Amena is from the middle class with outside Dhaka roots. She has stayed in an informal hostel/mess with three other girls and passed her exams. She did an internship for few months, qualified for an entry level job in an NGO and soon found a much better one with a career path attached to it. Yet what almost drove her to look for something part time even, as she was studying was her incessant parental pressure to get married. Why?
Because if she doesn't get married now no one will be around and so who will look after her? The would be "boy/groom" didn't matter - good or bad- but the marriage did which basically meant her being taken care of. So it became a major issue for the parents and one in which the girl was almost desperate to flee. Luckily, her job gave her the freedom to make some choices. "When I marry and if I marry, it will be because I want to and not because I have to."
Salma
Salma is also from a comfortable upper middle class family. They have economically done well but socially and psychologically remain located in their more stable mofussil environment which they left behind years back to make it in Dhaka. The values they have now are the same they had when they moved. As times changed the family was actually cleaved by transition.
The older daughters have gone the traditional route and settled into a life where they lead a socially conservative life that revolves around the will of the husband. For them it has worked at least on the surface but it has also meant accepting whatever the husband says even if that's unfair and selfish. They weep in secret but accept it.

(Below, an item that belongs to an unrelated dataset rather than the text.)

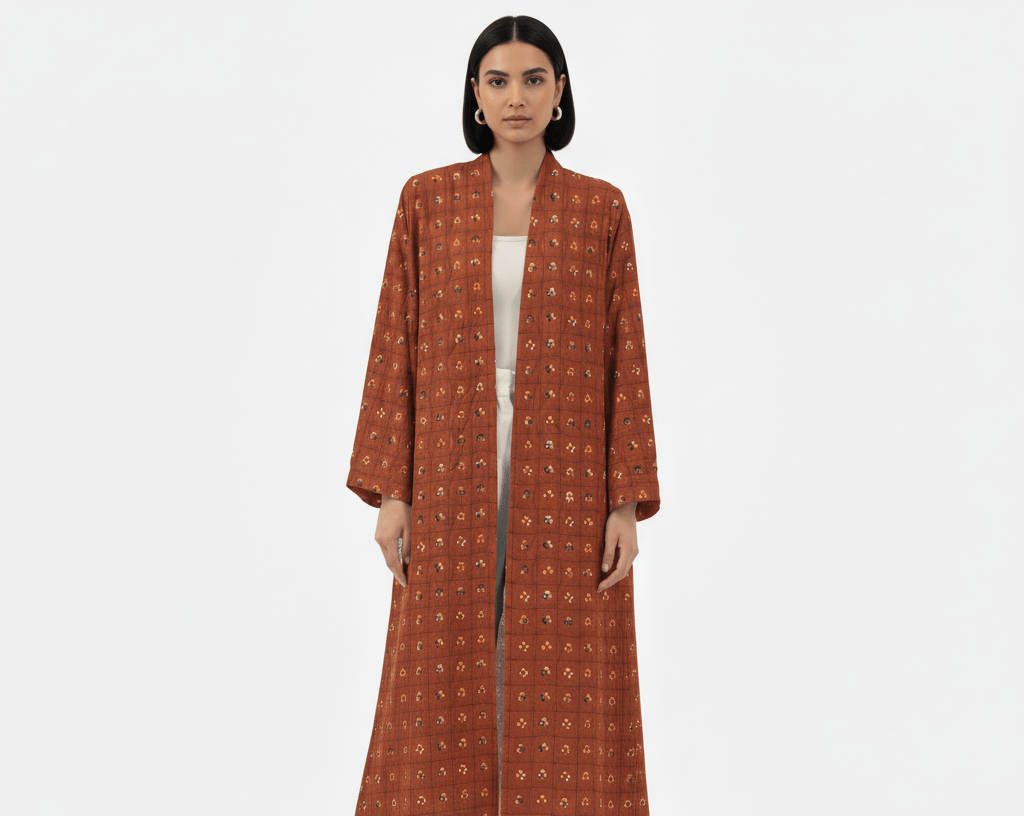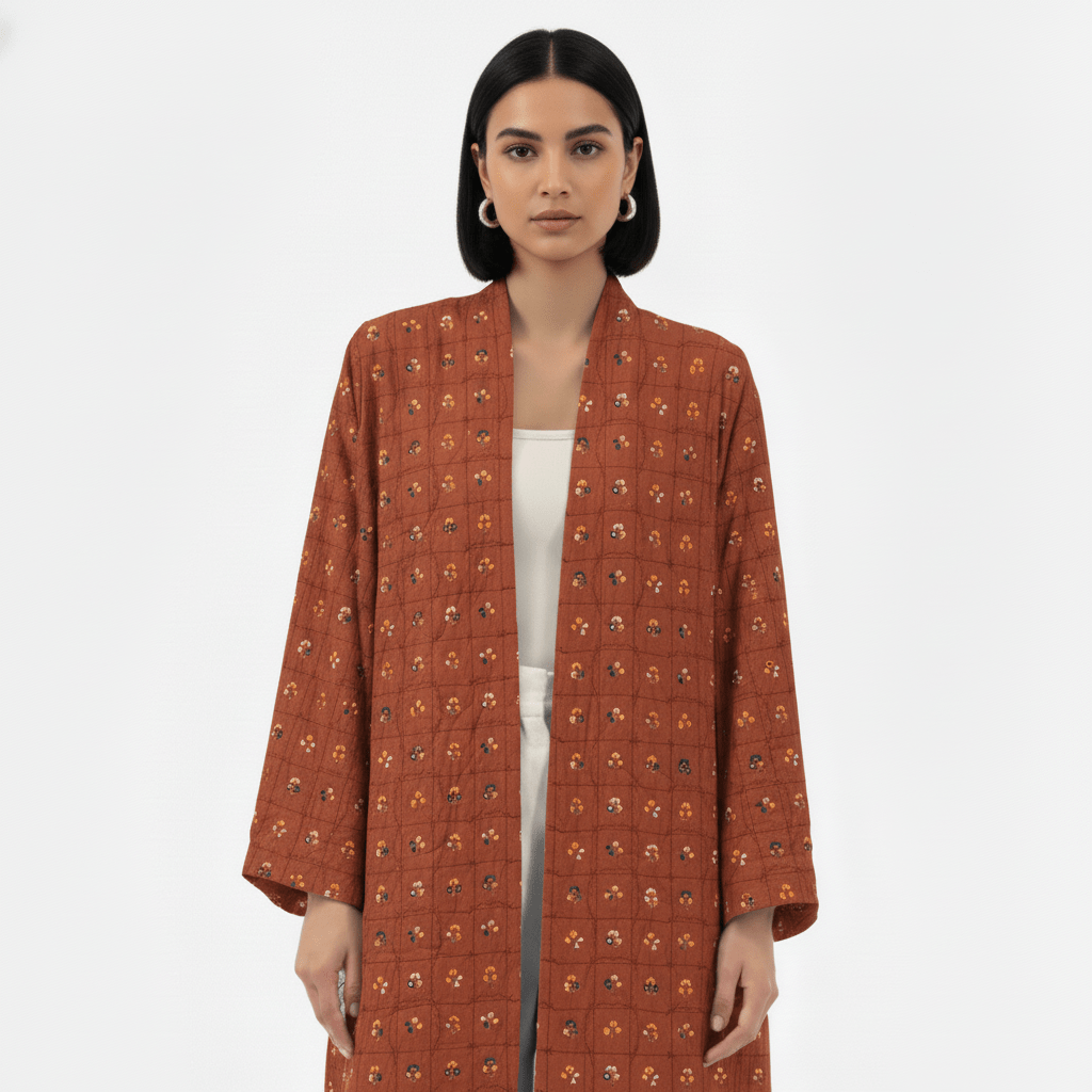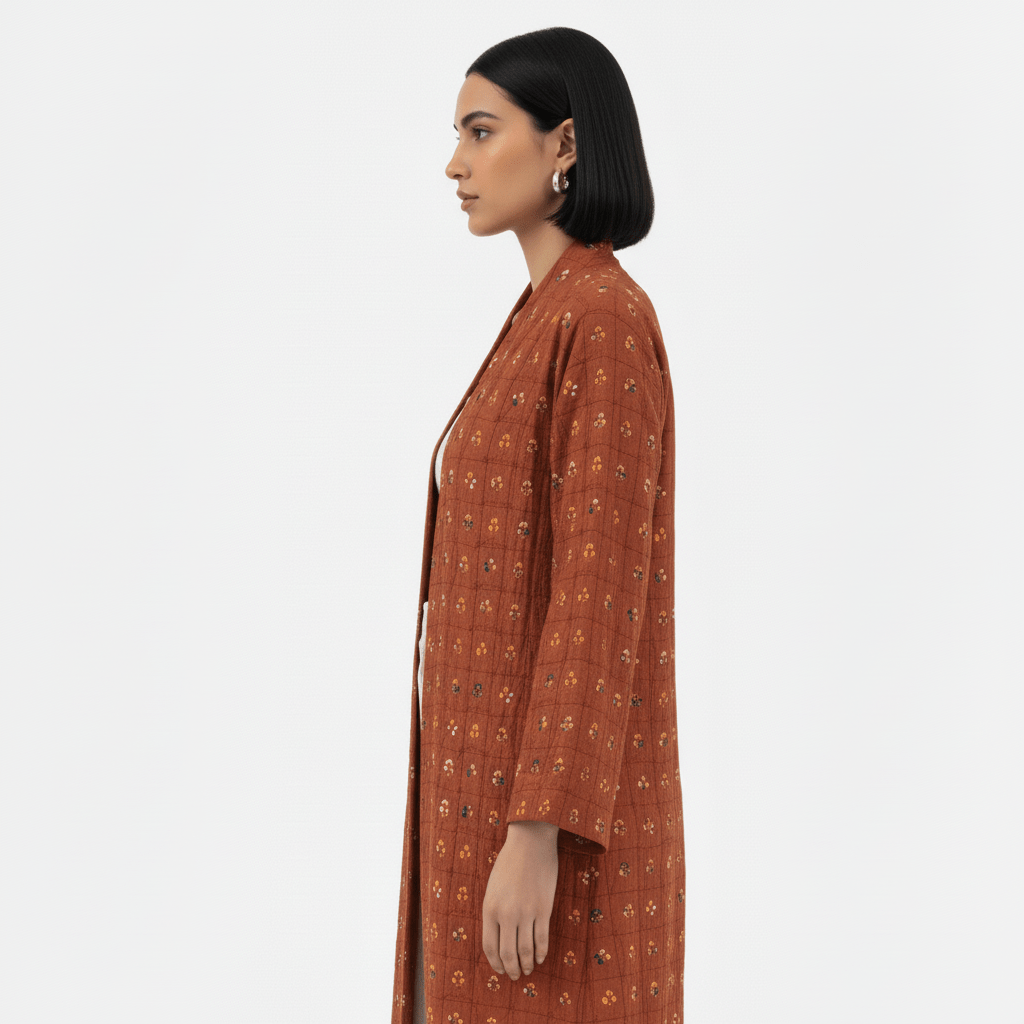 Crafted from a breathable linen mix, this rust abaya is adorned with subtle geometric embroidery for a refined artisanal touch. Its open-front silhouette drapes easily over any outfit, making it perfect for both casual wear and elevated outings. The natural texture of the fabric adds dimension while ensuring all-day comfort.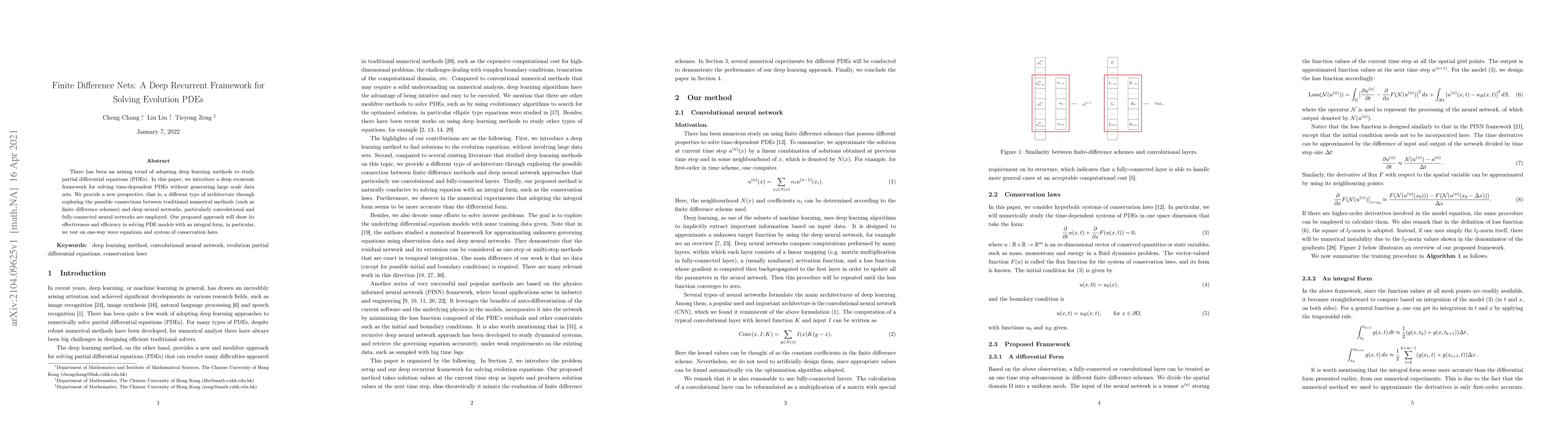 This paper proposes a deep recurrent framework called Finite Difference Nets for solving time-dependent PDEs, leveraging connections between traditional finite difference methods and deep neural networks. The approach demonstrates effectiveness and efficiency in solving PDE models, particularly tested on one-way wave equations and systems of conservation laws.

Salma is very different because she went to the University- the only MA in the family- and grew up with a much more determined attitude towards life. She has no intention of depending on the husband and listening to all his wishes like her sisters. Not only has she got job but has now formed a group with her friends and doing freelance work that has made her at least for the immediate future financially independent.
Her parents want her to get married because "everyone has to get married" attitude. The girl knows the absurdity of her situation because she leads am externally conservative life but is already "liberated". Unlike the old fashioned "feminist" liberation followers of the earlier time, her lifestyle is moderate but her work style is not.
She has moved up rapidly in the new economic opportunities offered by the changing world. To her, marriage is an unknown world which may threaten her career, her life's ambitions and objectives. She also finds little to approve in the boys her parents refer to her. Compared to her she fids they are boorish, unsophisticated and as she realizes, less articulate. She neither wishes to make anyone feel small nor wishes to give up the opportunities she has earned for herself.
Marriage yes but.
Salma also has a point of view which many don't share which is that marriage is not the only source or space to find fulfillment in life. She finds most marriages are not happy unions and would rather not marry. At home, things are bad with fights every day and family insisting that she marry or else. Point is she can actually move out and be on her own. She knows that but her parents don't and that is creating the situation more difficult to bear as emotional issues are becoming bigger every day.
This is not about blaming or accusing anyone but hoping that people realize how times have changed and girls in particular have made immense strides. The two girls are not of the same kind. One is more outgoing while the other is a hijabi. One is more adventurous, the other focused on a risk free journey. But both are responsible and looking to build a world of their own making. And it is in this intention that the conflict has arisen. That conflict is with history and not really their family.
Parents represent the past living in the present and the children are at present building the future. Both are behaving as history chooses them to. That will not change but the parents need to recognize that in today's history, for both boys and girls, marriage is only a part of bigger reality, not the only one. It wasn't so once, now it is.
The bottom line is simple: if the girls want to marry, fine. If they don't want to marry, fine. But it's not the end all in life. The country, society, family and the individual are defined by a life greater than a social practice and custom. Some will deviate, some negatively, some positively so let it be. Let the girls flourish in whichever ways they choose to.